Notwithstanding the provisions of any general statute, regulation
or grant of authority to the contrary, no filing fee or statement
required under the provisions of this chapter shall be waived,
refunded, reduced or withheld from use, by the state pursuant to any
contract, stipulated settlement, consent order, administrative
directive or by any other means except as provided in this chapter or
by order of a court of competent jurisdiction made upon proof of
economic hardship and a finding that such settlement, consent order,
directive or other action is in the public interest.
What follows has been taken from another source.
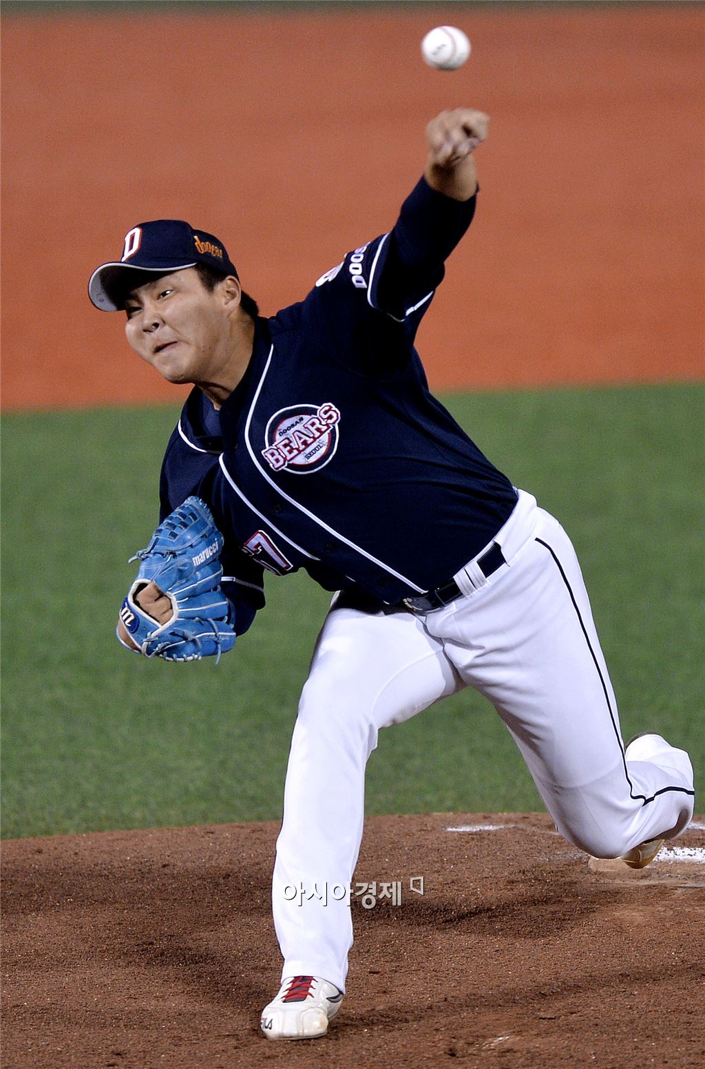 [목동=아시아경제 김현민 기자] 프로야구 2015 포스트시즌 두산 베어스와 넥센 히어로즈의 준플레이오프 4차전이 14일 목동구장에서 열렸다. 두산 선발투수 이현호가 역투하고 있다.김현민 기자 kimhyun81@asiae.co.kr<ⓒ세계를 보는 창 경제를 보는 눈, 아시아경제(www.asiae.co.kr) 무단전재 배포금지>

(P.A. 85-331, S. 5, 6.) Cited. 203 C. 63, 73. Cited. 209 C. 579,
585. Cited. 212 C. 83, 84, 8893, 97, 99. Lemon Law II cited. Id.
Cited. 218 C. 646, 659, 660. Lemon Law II cited. Id.
Sec. 42-186. Action brought by lessee against manufacturer.
Lessee to notify lessor. Lessor authorized to petition to be made a
party to proceeding.
In any action by a consumer who is a lessee against the
manufacturer of a motor vehicle, or the manufacturer's agent or
authorized dealer, based upon the alleged breach of an express or
implied warranty made in connection with the lease of such motor
vehicle pursuant to section 42-179, the lessee shall, at the time of
the service of process upon such manufacturer, manufacturer's agent or
authorized dealer, notify the lessor of such motor vehicle of such
action by registered or certified mail, return receipt requested, and
such lessor may petition the court to be made a party to the
proceedings.
(P.A. 87-342, S. 4, 5.)
Secs. 42-187 to 42-199. Reserved for future use.